**What the exercise asks**
Given the entries below, would you transcribe exactly the lines starting at the one with "Mélanie Lefebvre , Back" and ending at the one with "Šuma predstavlja životnu", both kept, pictures omitted, nothing extra?

**Stored data**
******************************

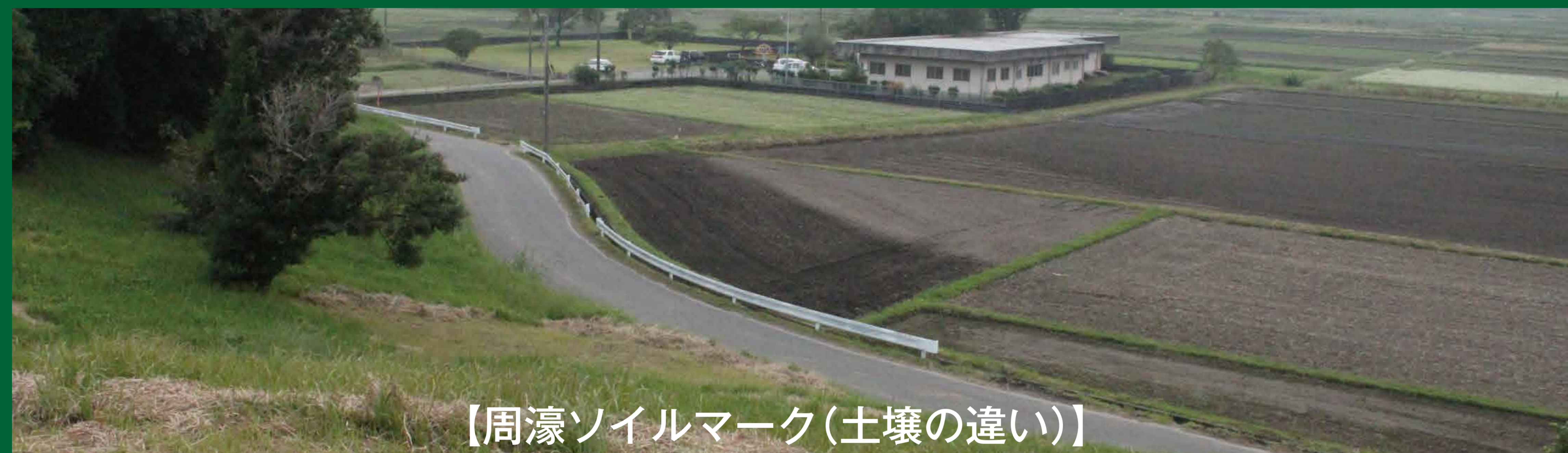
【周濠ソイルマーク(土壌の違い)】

******************************

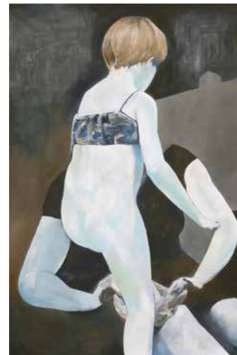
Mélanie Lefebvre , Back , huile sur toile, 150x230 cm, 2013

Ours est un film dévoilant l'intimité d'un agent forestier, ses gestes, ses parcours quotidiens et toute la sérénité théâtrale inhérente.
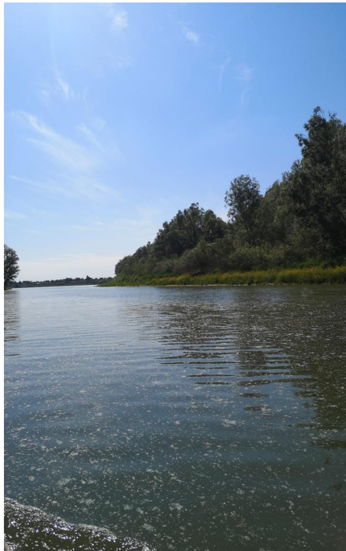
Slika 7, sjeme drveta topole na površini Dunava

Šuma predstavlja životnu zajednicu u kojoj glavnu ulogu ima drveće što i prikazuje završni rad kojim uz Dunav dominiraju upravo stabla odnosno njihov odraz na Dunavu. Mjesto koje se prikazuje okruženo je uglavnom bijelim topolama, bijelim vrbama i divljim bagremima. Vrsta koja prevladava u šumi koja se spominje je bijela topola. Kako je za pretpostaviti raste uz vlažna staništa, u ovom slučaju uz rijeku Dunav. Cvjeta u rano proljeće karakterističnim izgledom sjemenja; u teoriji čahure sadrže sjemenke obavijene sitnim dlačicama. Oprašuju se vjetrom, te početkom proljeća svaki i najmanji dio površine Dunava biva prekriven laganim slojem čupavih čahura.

******************************

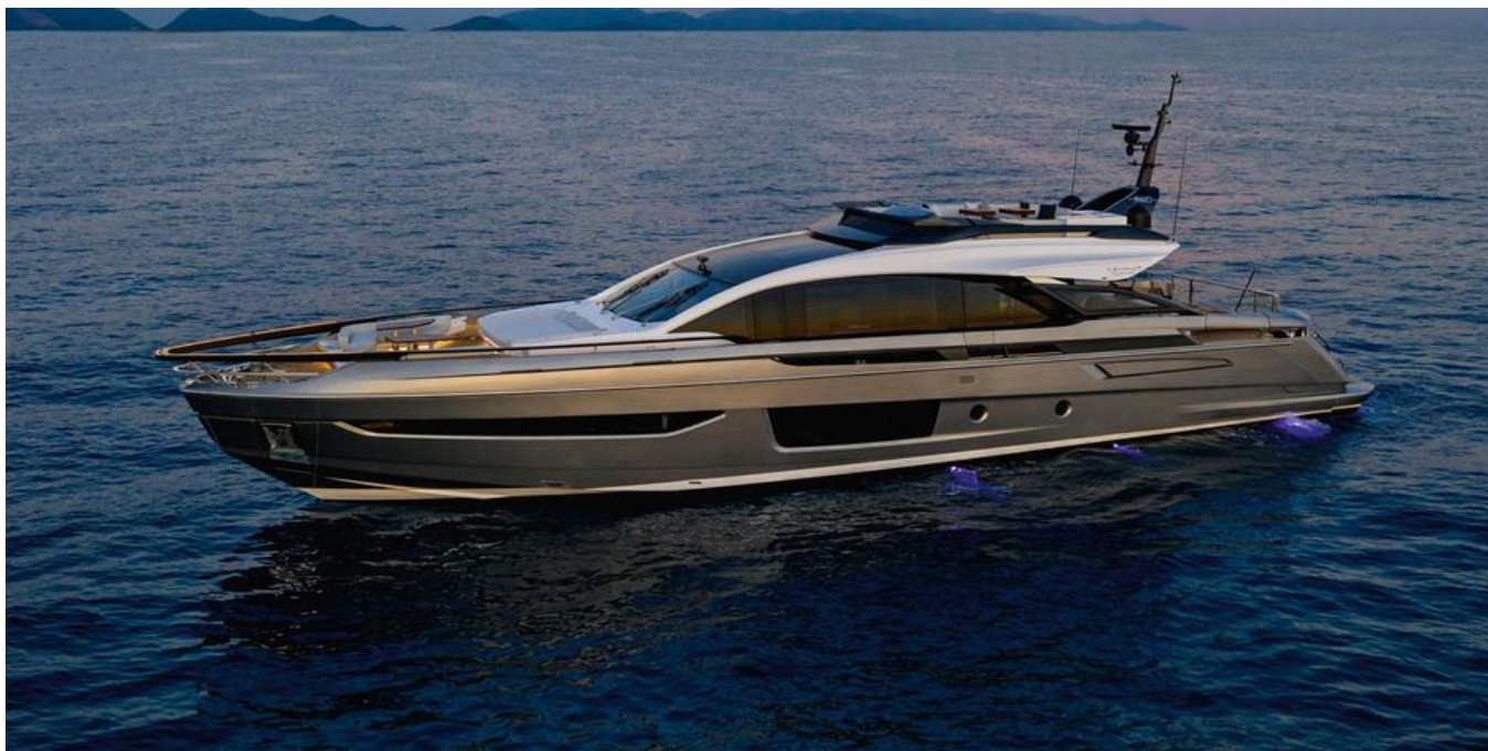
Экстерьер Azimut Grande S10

******************************

**Completed exercise**
Mélanie Lefebvre , Back , huile sur toile, 150x230 cm, 2013

Ours est un film dévoilant l'intimité d'un agent forestier, ses gestes, ses parcours quotidiens et toute la sérénité théâtrale inhérente.
Slika 7, sjeme drveta topole na površini Dunava

Šuma predstavlja životnu zajednicu u kojoj glavnu ulogu ima drveće što i prikazuje završni rad kojim uz Dunav dominiraju upravo stabla odnosno njihov odraz na Dunavu. Mjesto koje se prikazuje okruženo je uglavnom bijelim topolama, bijelim vrbama i divljim bagremima. Vrsta koja prevladava u šumi koja se spominje je bijela topola. Kako je za pretpostaviti raste uz vlažna staništa, u ovom slučaju uz rijeku Dunav. Cvjeta u rano proljeće karakterističnim izgledom sjemenja; u teoriji čahure sadrže sjemenke obavijene sitnim dlačicama. Oprašuju se vjetrom, te početkom proljeća svaki i najmanji dio površine Dunava biva prekriven laganim slojem čupavih čahura.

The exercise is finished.